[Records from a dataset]
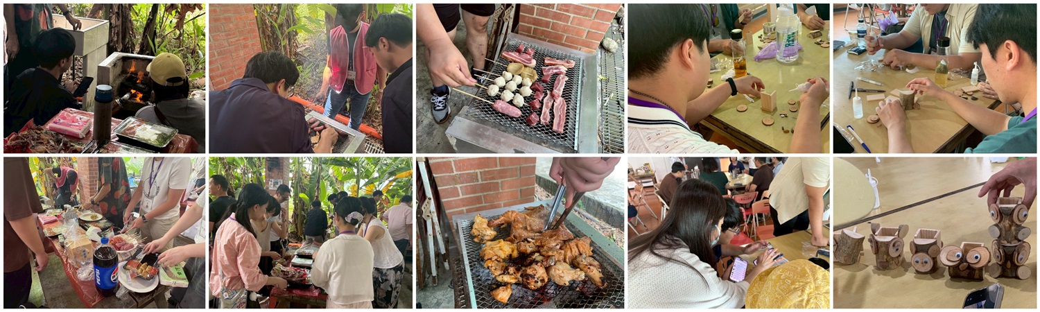午餐時間也特別讓大家一起烤肉!炭火升起,香氣四溢,大家互相幫忙,邊烤邊聊,不知不覺間拉近了彼此的距離。午後,在教室裡完成了可愛的貓頭鷹筆筒。每個作品都有不同巧思,彷彿也象徵著大家獨特的個性。
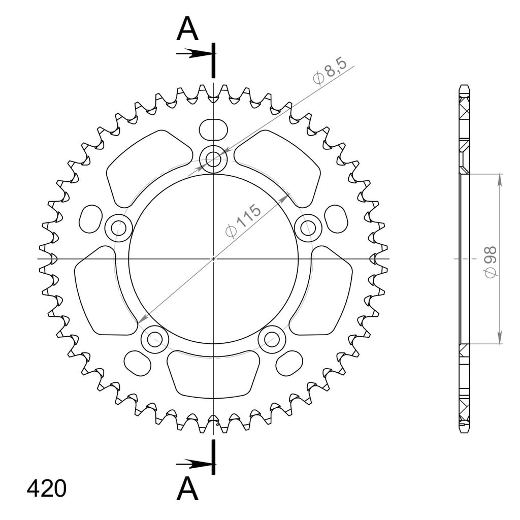 Hliníková reťazová rozeta SUPERSPROX RAL-4:48-SLV strieborná 48T, 420
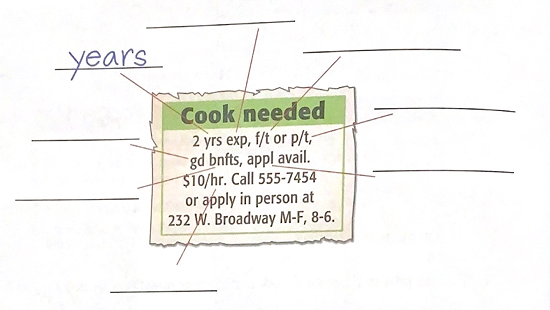 任务六:阅读下列分类广告,并用方框内的词填写广告中的简写词
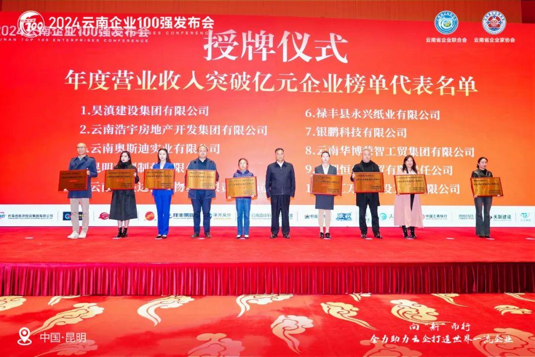 11月22日,由云南省企业联合会与云南省企业家协会联合主办,以“向‘新’而行 全力助力云企打造世界一流企业”为主题的“2024云南企业100强发布会”在昆明举行,会上发布了2024云南企业100强榜单、云南制造业企业100强、服务业企业50强、高新技术企业100强和云南企业年度营业收入突破亿元企业名单。
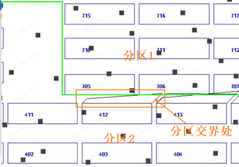 设备自动布局完成后(方阵包络线、汇流区/逆变区包络线、箱变/箱逆变、汇流箱/逆变器已锁定),需要重新调整箱变位置,操作时仅解锁箱变,挪动位置后,提交计算,生成图之后,发现低压走线错误,连接到错误的箱变位置。以下情况是将#2箱变放在远离#2方阵的位置,错把#1箱变当成了#2箱变。
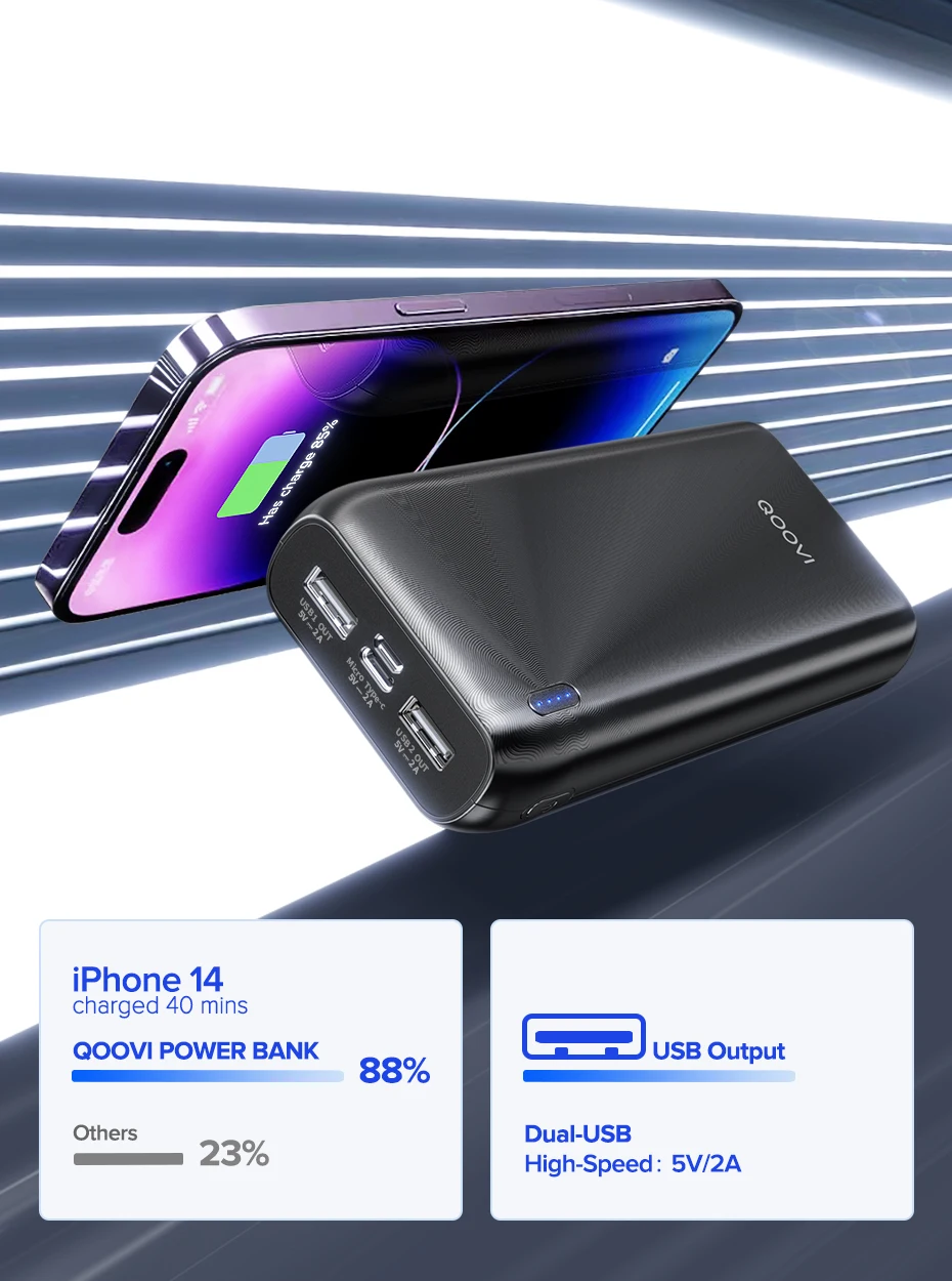 Comprar QOOVI-Batería Externa de 20000mAh, cargador portátil ultrafino para iPhone 15, Xiaomi, Samsung y Huawei

▶ [About this exercise]:
The result should be the full set of entries above, restated exactly and without images.

▶ [Solution to this task]:
午餐時間也特別讓大家一起烤肉!炭火升起,香氣四溢,大家互相幫忙,邊烤邊聊,不知不覺間拉近了彼此的距離。午後,在教室裡完成了可愛的貓頭鷹筆筒。每個作品都有不同巧思,彷彿也象徵著大家獨特的個性。
 Hliníková reťazová rozeta SUPERSPROX RAL-4:48-SLV strieborná 48T, 420
 任务六:阅读下列分类广告,并用方框内的词填写广告中的简写词
 11月22日,由云南省企业联合会与云南省企业家协会联合主办,以“向‘新’而行 全力助力云企打造世界一流企业”为主题的“2024云南企业100强发布会”在昆明举行,会上发布了2024云南企业100强榜单、云南制造业企业100强、服务业企业50强、高新技术企业100强和云南企业年度营业收入突破亿元企业名单。
 设备自动布局完成后(方阵包络线、汇流区/逆变区包络线、箱变/箱逆变、汇流箱/逆变器已锁定),需要重新调整箱变位置,操作时仅解锁箱变,挪动位置后,提交计算,生成图之后,发现低压走线错误,连接到错误的箱变位置。以下情况是将#2箱变放在远离#2方阵的位置,错把#1箱变当成了#2箱变。
 Comprar QOOVI-Batería Externa de 20000mAh, cargador portátil ultrafino para iPhone 15, Xiaomi, Samsung y Huawei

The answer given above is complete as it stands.